The American news agency Associated Press (AP) writes that the European Union's (EU) High Representative for Foreign Affairs and Security Policy Kaja Kalas stated in Belgrade today that "Serbia faces a 'strategic choice' of direction, just weeks after President Aleksandar Vučić, defying EU warnings, attended the Russian Victory Day parade in Moscow."
"Serbia is facing a strategic, geostrategic choice of where it wants to be," said Kalas, adding that "Serbia's European future depends on the values it chooses."
AP, in its article "EU foreign policy chief urges Serbia to make 'strategic choice' between West and East", writes that "Vučić's appearance in Moscow at the May 9 parade was widely condemned in Brussels, and EU officials warned that such actions seriously jeopardize Serbia's path to the EU... given Russia's bloody invasion of Ukraine".
Kalas said that during the visit she spoke with Vučić and "expressed her views, which are very clear."
"I really don't understand why it's necessary to stand shoulder to shoulder with a person who is waging a terrible war in Ukraine," she said, adding that "President Vučić was explaining his side of the story. So. Yes, we had a very extensive discussion about that."
Vučić, who the AP writes is "a former extreme nationalist who has been criticized at home and abroad for his alleged increasingly authoritarian ways of governing, maintains close relations with both Russia and China, while formally saying he wants Serbia to join the EU."

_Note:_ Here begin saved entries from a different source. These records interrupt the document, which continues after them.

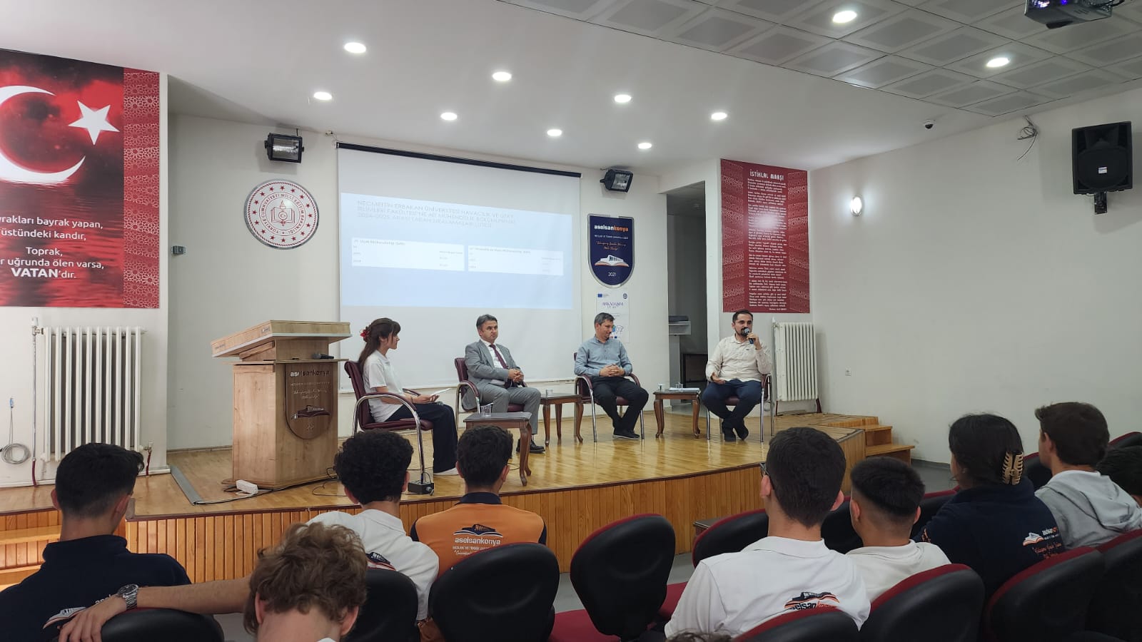 Konya Aselsan Lisesinde Havacılık ve Uzay Bilimleri üzerine söyleşi gerçekleştirildi. Fakültemiz tarafından Konya Aselsan Lisesinde Havacılık ve Uzay Bilimleri üzerine söyleşi gerçekleştirildi. Fakültemiz Dekanı Prof. Dr. Murat DİLMEÇ, Uçak Mühendisliği Bölümü’nden Dr. Öğr. Üyesi Muhammet ÖZTÜRK ve Öğr. Gör. Dr. İbrahim MIZRAK öğrencilere fakültemiz ve havacılık uzay ile ilgili bilgiler sundu. Öğrencilerin havacılık ve uzay bilimleri alanına dair merak ettiklerini doğrudan akademisyenlerden öğrenme fırsatı bulduğu etkinlik, büyük bir ilgiyle karşılandı. Bölüm dersleri, kariyer olanakları ve akademik hayat hakkında detaylı bilgiler verilerek öğrencilerin geleceğe dair vizyonlarını geliştirmelerine katkı sağlandı.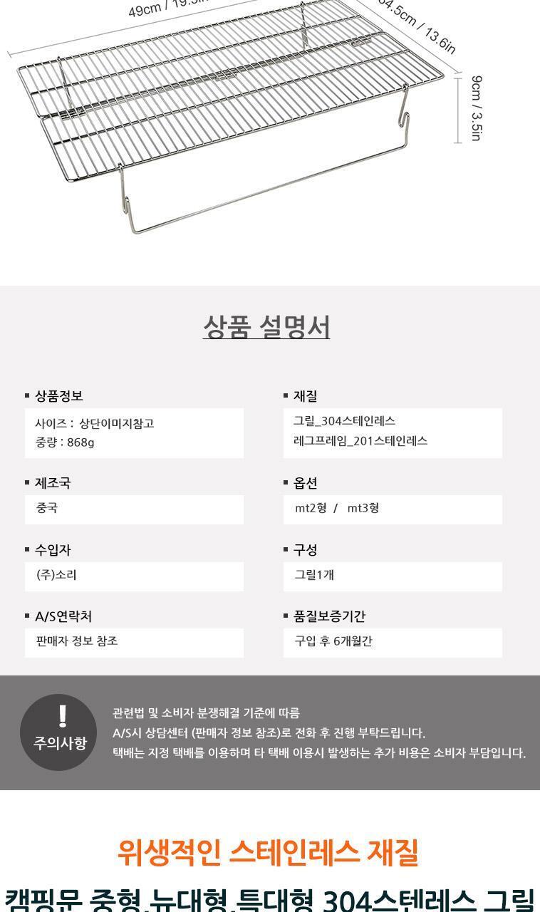 캠핑문 304스텐레스 프리미엄 바베큐그릴 mt045형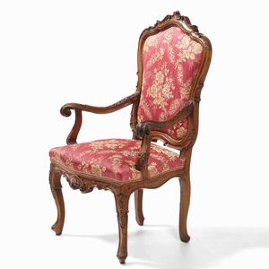 Poltrona in legno intagliato, schienale e seduta rivestiti con tessuto a piccolo [..]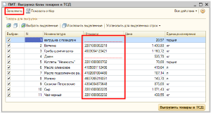 После заполнения сведений о штрих-кодах можно выгрузить данные о товарах в терминал сбора данных с помощью кнопки «Выгрузить товары в ТДС».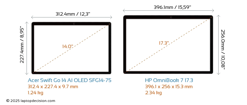 HDMIBoth Swift Go 14 AI OLED SFG14-75 and OmniBook 7 17.3 feature an HDMI port (1x HDMI 2.1) for connecting to external monitors.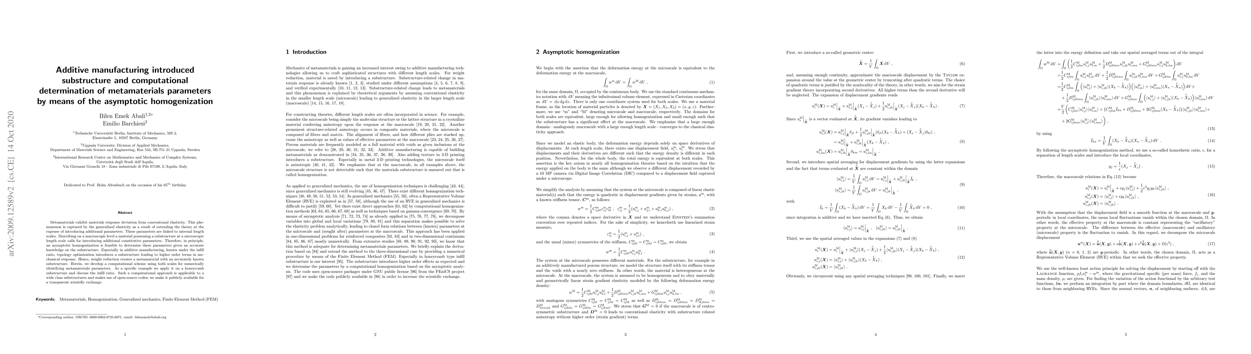 This paper develops a computational scheme for determining metamaterials parameters using asymptotic homogenization and additive manufacturing techniques. It applies this method to a honeycomb substructure, demonstrating the influence of infill ratio and making the open-source code publicly available for broader scientific use.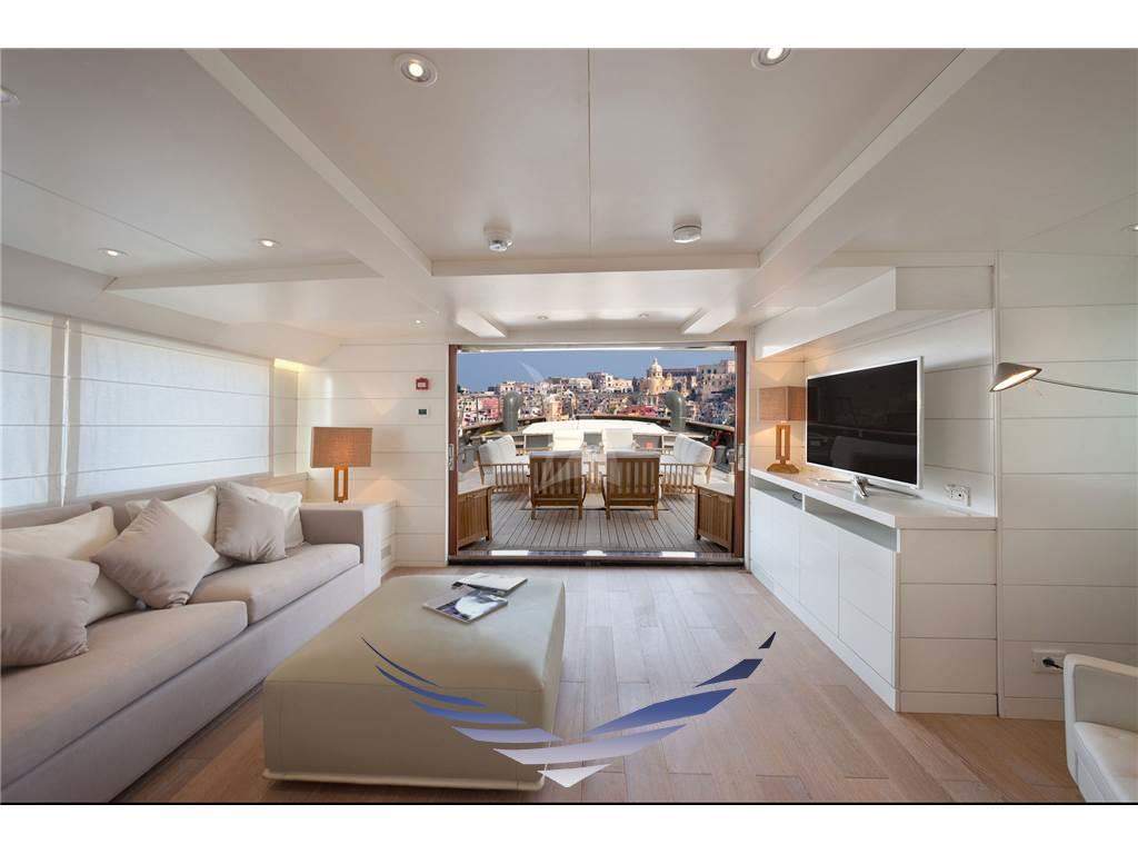 Il ponte superiore ospita una suggestiva zona relax adiacente alla plancia di comando, dotata di scrivania, libreria e un comodo divano, ideale per momenti di lettura o lavoro in totale tranquillità. All’esterno è presente un’area aperta, parzialmente coperta da tendalini, con tavolo per pranzi all’aperto e sedute prendisole.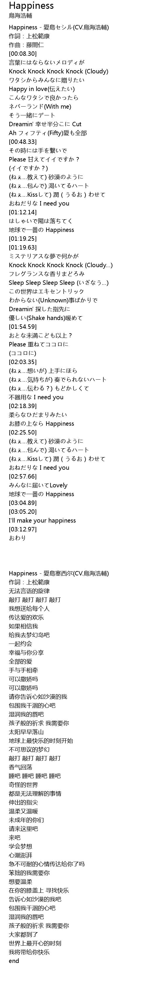 | [00:00.54] | Happiness - 愛島セシル(CV.鳥海浩輔) |

Vučić said his decision to attend Putin's military parade "was part of an effort to maintain 'traditional friendships,'" the agency reported.
"Serbia, which relies almost entirely on Russia for energy, has refused to fully join Western sanctions on Russia over its invasion of Ukraine and has not supported most EU statements condemning that aggression," the AP notes, adding that Vučić "is also under pressure from six months of massive anti-corruption protests."
Although she said that from her conversations with Serbia's political leadership, "it is clear to her that EU membership remains a strategic goal," Kalas pointed out: "However, I want to emphasize that we also need to see actions to prove and support those words."
"Reforms are the way Serbia will progress on its path towards the EU," said Kallas, pointing out that "there are no shortcuts to membership," but "real progress must be achieved here, in Belgrade."
She said she also met with "youth" protesting, AP reports, and called on Serbia to make serious efforts in media freedom, the fight against corruption and electoral reform "as demanded by hundreds of thousands of protesters in recent weeks."
"The autonomy of universities must be respected," she said.
AP writes that Kalas left Belgrade for Kosovo and that "negotiations between the two neighboring countries, mediated by the EU, have long been frozen," and that the high representative said that normalizing relations between Serbia and Kosovo is "fundamental" for their European future.
"It is time for these two countries to overcome the past and focus on a shared future," she said, adding that she plans to invite representatives of Belgrade and Pristina to Brussels as soon as possible to discuss concrete steps forward.
The AP concludes that six Western Balkan countries are in various stages of joining the EU, and that the Russian invasion of Ukraine has encouraged European leaders, fearing instability, to advocate for these countries to join the European bloc.